1
我試圖創建一個簡單的應用程序,它基本上是用來在幾個網站比較的東西。我已經看到了一些將所有文本提取到應用程序的方法。但有沒有什麼方法可以提取說,只有標題和說明。刮從網站的特定文字應用VB的
拿一本書,網站作爲一個例子。無論如何搜索書籍標題,然後顯示所有不同的評論,簡介,價格,而沒有任何不友好的文本呢?
我試圖創建一個簡單的應用程序,它基本上是用來在幾個網站比較的東西。我已經看到了一些將所有文本提取到應用程序的方法。但有沒有什麼方法可以提取說,只有標題和說明。刮從網站的特定文字應用VB的
拿一本書,網站作爲一個例子。無論如何搜索書籍標題,然後顯示所有不同的評論,簡介,價格,而沒有任何不友好的文本呢?

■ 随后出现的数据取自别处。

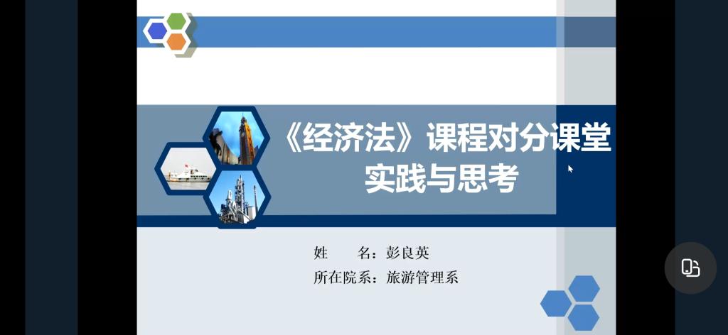 最后,由在线教学能手彭良英老师介绍《经济法》课程对分课堂的实践与思考,对课前、课中、课后如何进行组织教学都进行了简明扼要的阐述;然后由在线教学新秀王植荔老师分享教学新秀比赛的心得,并展示金融投资实战平台在教学中起到的重要作用。

一個快速而簡單的解決方案是使用WebBrowser,通過它的.Document
屬性公開HtmlDocument。
Public Class Form1
Private Sub Button1_Click(sender As Object, e As EventArgs) Handles Button1.Click
Me.WebBrowser1.ScriptErrorsSuppressed = True
Me.WebBrowser1.Navigate(New Uri("http://stackoverflow.com/"))
End Sub
Private Sub WebBrowser1_DocumentCompleted(sender As Object, e As WebBrowserDocumentCompletedEventArgs) Handles WebBrowser1.DocumentCompleted
Dim document As HtmlDocument = Me.WebBrowser1.Document
Dim title As String = Me.GetTitle(document)
Dim description As String = Me.GetMeta(document, "description")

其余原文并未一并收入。